Jean-Baptiste Lully or Lulli. French composer of Italian origin.

Son of a miller Tuscan, Lorenzo Lulli, and from Catarina LED Sixthly, Jean-Baptiste Lully was going to occupy the high positions of the musical world at the court of Louis XIV, to become, in 1672, “director of all the theater in music”.


A irrésitible rise

He began his career of musician while playing of the guitar in Casa Legrenzi. It is there that the duke of Own way noticed it, before making it enter like “boy of room” in his cousin, Miss de Montpensier, who wished to learn Italian.

At the end of the Sling, it passed to the service of the young person Louis XIV as violonist and dancer, and was named in 1653 composer of the instrumental music. The first part of its career was devoted to the ballet music, and, if he wrote vocal parts, those will be only specifically Italian. Superintendent and composer of the room in 1661, it was made naturalize and married the following year the girl of the Lambert composer. From 1664, while giving to the great ballets of court a broadth and a homogeneity larger than ever, he collaborated with Molière, with who he was to create the comedy-ballet. In 1671, with Molière, Corneille and Quinault, it gave the lyric tragedy Psyché, ultimate stage towards the French opera, of which he is the inventor, just like he was to it French opening.  

In 1672, Louis XIV named it directing of “all the theater in music”, which gave him a power unlimited on the whole of the lyric music of the kingdom and allowed him to oust Marc-Antoine Charpentier. He will create each year a new opera then, under the generic title of lyric tragedy. He died in 1687, following a blow of cane which he had given himself on a foot by striking the measurement of Te Deum sung for the cure of the king.
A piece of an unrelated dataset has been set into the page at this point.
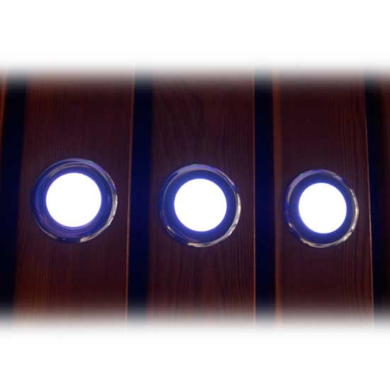 These recessed deck lights are constructed of aluminum and stainless steel housings. The functional deck lights help create a mood by providing subtle ambient lighting. They are also useful as marker lights around the edge of a deck or steps.

Inventor of a style of French music

Its collaboration with Molière (interludes of the Forced marriage, 1664; love doctor, 1665; from the Middle-class gentleman, 1670, etc) and with Racine (Idyll on Peace, 1685) led it to conceive a music which followed very close the French prosody, whereas the Italian style privileged the melody line.

Thus, it introduced into its operas the recitative, simple or accompanied (Amadis de Gaulle, 1684; Armide, 1686). The choruses took at his place a significant importance in the infernal scenes spell-bindings and, or in the entertainments conclusive (Isis, 1677; Proserpine, 1680).

Lully is the author of about ten operas, of about thirty ballets (certain writings in collaboration), of instrumental music and vocal (Motets with two choruses for the vault of the roy, 1684).